For 39 years, he has toiled away at Mattituck Services, a company world renowned for its work overhauling airplane engines.
Production sputtered to a stop on Friday.
"I don't think it's anybody's fault. It's just the way things are," Jay Wickman said.
Wickham's dad founded the company back in 1946. At its height, 70 people overhauled a thousand engines a year. Then they were bought by a company in California, merged into a company in Alabama, which was bought by a company in china.
Now, little Mattituck services has found itself on the scrap heap of a global economy. Just 22 workers left. By next week, they'll be gone.
"It's just a failure to integrate a small business an entrepreneurial business into a large public company. It's life right now. That's all. Just life," Wickham said.
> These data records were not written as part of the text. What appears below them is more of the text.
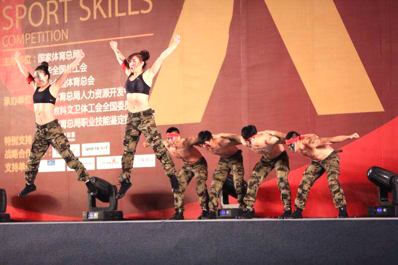 比赛为期4天,分为个人赛和团体赛。个人赛分预赛和决赛两部分,预赛包括理论考试和体能竞赛,理论考试对运动解剖、生理、生物化学、营养学等多方面的知识进行考核,体能竞赛分沙袋抛掷过横杆、健身球带球爬行、BOSU球S型跨越及标志筒Z型跑四项内容;决赛有体重体脂估测、运动处方设计、小团体课程演示三项内容。团体赛包括理论抢答、团体体能比拼(背负运人、叠加俯身支撑行走、健身球上跪姿接力传健身球)和团体表演。经过激烈的初赛和复赛,最终辽宁省获得大赛团体三等奖,2013级研究生孔睿获得个人比赛三等奖。
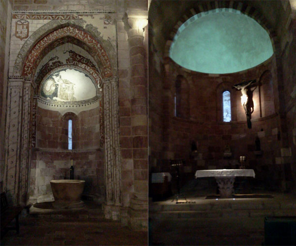 Finalizado el paseo, nos dirigimos al Monasterio e Iglesia de Santa María de Mave, una joya del románico palentino de principios del siglo XIII, construida sobre una iglesia visigoda citada ya en el año 754. La iglesia, de planta basilical con tres naves y triple cabecera, conserva una impresionante cúpula semiesférica sobre el crucero, sostenida por trompas que permiten el paso de planta cuadrada a octogonal. En su interior se proyecta un audiovisual sobre la bóveda del altar, donde se recrean las pinturas que podrían haber decorado el templo desde la época románica hasta el barroco.
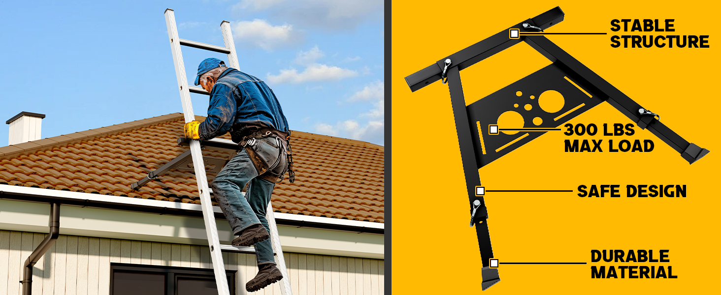 Ladder Stabilizer Adjustable Length, Roof Standoff, Extension Ladder Accessory, 350 LBS
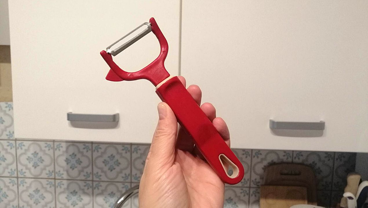 Przecież to proste! Przesuwamy nią z góry w dół, dociskając ją wtedy do warzywa i po drodze ściągając jego wierzchnią warstwę. Też tak robisz, prawda?
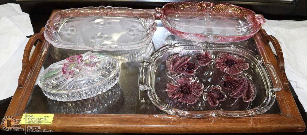 ESTATE TRAY WITH ASST CUT GLASS SERVERS
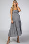 A checkered midi dress featuring a smocked bust, a tiered body, side pockets and a self-tie straps.
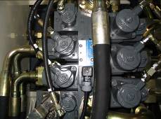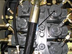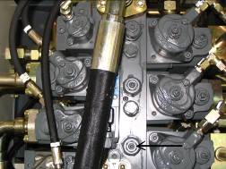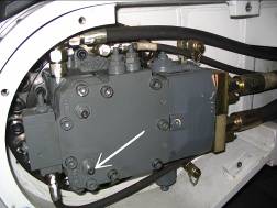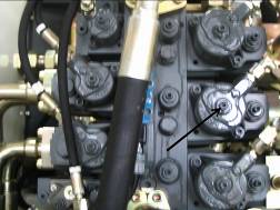 按下控制屏上“F3”鍵,快速回收鏟斗,讀出回油壓力,應為90--100 bar,如果達不到,就調工作閥塊第二個(gè)黑六角螺釘,如下圖。
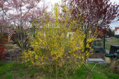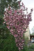 Magnolia x soulangeana kwitnie w kwietniu w pobliżu drzew iglastych Chamaecyparis lawsoniana. Magnolia x soulangeana, M. denudata x M. liliiflora, spodek magnolia, jest hybrydową rośliną kwitnącą z rodzaju Magnolia. Berlin, Niemcy.
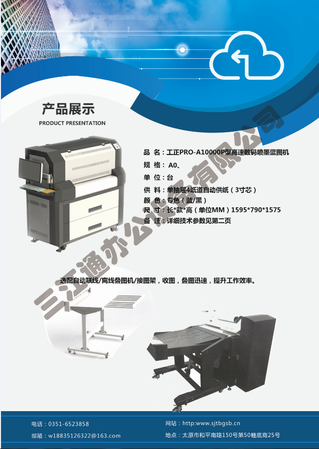 太原市三江通辦公設備有限公司是一家專業從事曬圖機、數碼復印機、多功能打印、復印、掃描、縮放一體機、模擬工程復印機、繪圖儀、大型掃描儀、電子歸檔設備、手動、自動成形圖紙檔案密集柜、圖前圖后設備以及所有制圖設備耗材供應、維修一條龍的實體企業。多年來,已與日本、北京、天津、上海、杭州等諸多家廠方多方合作,成為山西>>更多
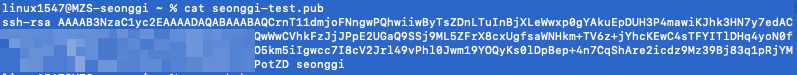 ssh key-gen으로 생성한 파일 중 pub (공개키) 파일을 cat, 메모장으로 열어서 내용을 확인합니다.
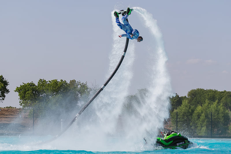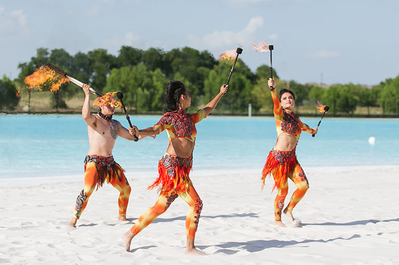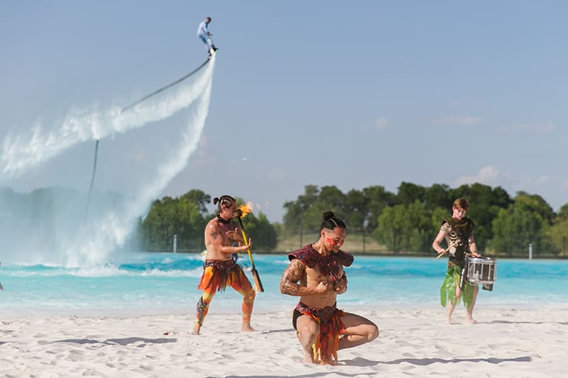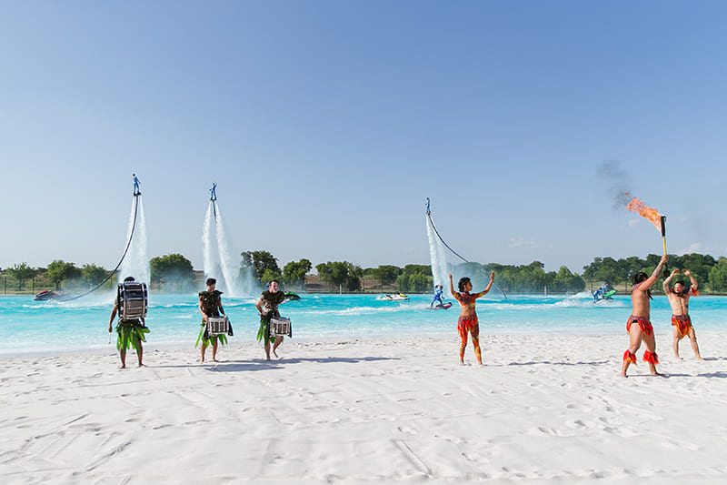 It is a breathtaking, fully choreographed spectacle that fuses flyboards, jetskis, jet surfs, fire dancers, and drummers. The show spans across water and sky, creating a 360° immersive experience that keeps the audience on the edge of their seats. With performers soaring to incredible heights, jets carving through the waves, and fire, every moment is packed with energy and excitement. The rhythm of live drumming ties it all together, building anticipation for the grand finale where every element unites in perfect harmony. This unforgettable experience is guaranteed to leave audiences in awe.

Town supervisor Scott Russell says the recovery has yet to arrive on the quaint North Fork, known mostly for its rising wine industry, but lately the victim of corporate takeovers. The local bank was recently swallowed up by Capital One, which is cutting 200 more jobs.
"Companies that are trying to survive are downsizing, they're scaling back, and the satellites that are located in my town, those jobs are going elsewhere," Scott Russell said.
As local leaders struggle to attract new businesses, at Mattituck Services today was goodbye for this grizzled group of airplane mechanics, many of whom know how to do little else. Now they are wondering how they'll move on.
"It's pretty hard for me to say goodbye to these guys today. We're all from the same towns. We'll see each other around, but it's a hard day," Mahlon Russell said.